Tone over substance. Yeah see that complaint in politics discussion too.
 
One of the other reasons is that as far as I can see there's very little substance either.

Posters shooting the breeze here? In Plato, Hume, Kant, Wittgenstein, Frege et al. In contemporary academic? In Chopra and William Lane Craig? All of the above?
 
Posters shooting the breeze here? In Plato, Hume, Kant, Wittgenstein, Frege et al. In contemporary academic? In Chopra and William Lane Craig? All of the above?
All and more. Seems to me there's a lot of words, but they rarely make a difference to my life, you know? I'd rather those words be expended on something that's going to make my life better. Like science.

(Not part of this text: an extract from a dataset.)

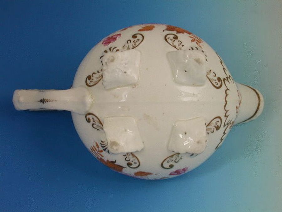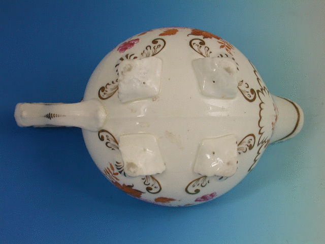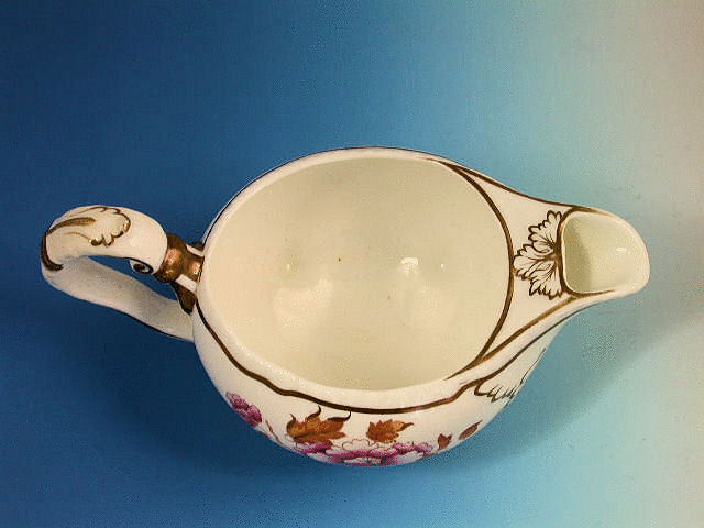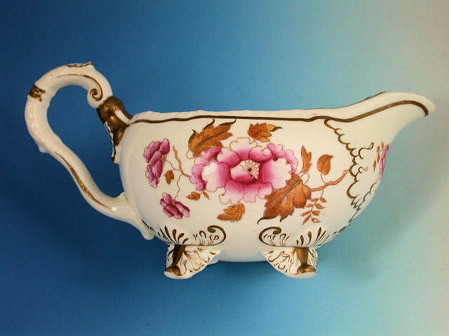 A fine H & R Daniel moulded Cream Boat standing on four leaf scroll feet, double scroll handle, decorated in an Oriental manner with trailing rose sprays within gilt enriched acanthus leaf outlines.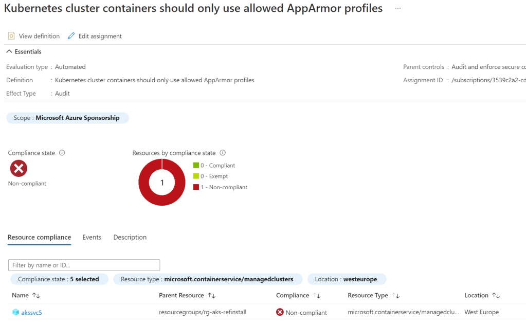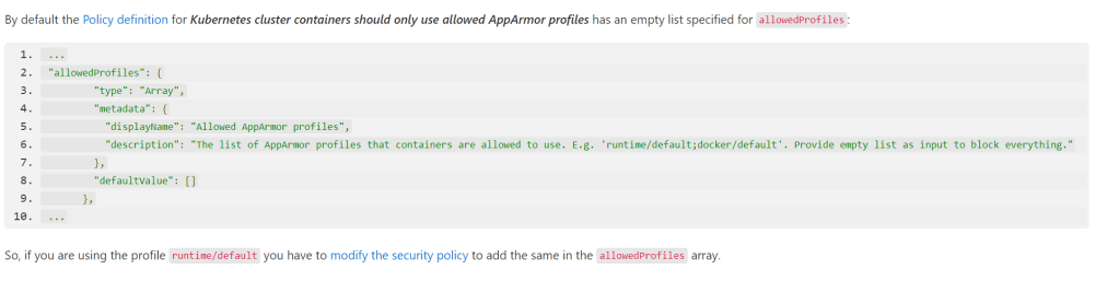 - The actual policy is named as follow ”Kubernetes cluster containers should only use allowed AppArmor profiles”

And yeah, I know that science wouldn't be where it is without philosophy. But this is why so many people say that philosophy is a waste of time. Because they can't see any practical outcome.
 
This shows that there are forms of knowledge that are not science and that can be useful. This is my thesis, which is otherwise quite banal. Except for the positivists who consider science to be the only useful knowledge. For them, the chimpanzee who learns to crack a nut with a stone is a scientist like Einstein discovering the theory of relativity. As soon as there is something that is good, they make it their idol: Beneficial Science, be fore ever praised. And if science does something wrong, it's because of the Devil of Philosophy.
Well, everyone has the religion they deserve.

Isn't 'knowledge' the original definition of the word 'science'?
 
All and more. Seems to me there's a lot of words, but they rarely make a difference to my life, you know? I'd rather those words be expended on something that's going to make my life better. Like science.

And yeah, I know that science wouldn't be where it is without philosophy. But this is why so many people say that philosophy is a waste of time. Because they can't see any practical outcome.

We would not think the way we do about ourselves or the world. Some of it for the worse. For example we might blame Descartes/Avicenna for this thread. I can entertain the idea that philosophy is dead but the indispensable contributions are clear in any reading of the history of ideas.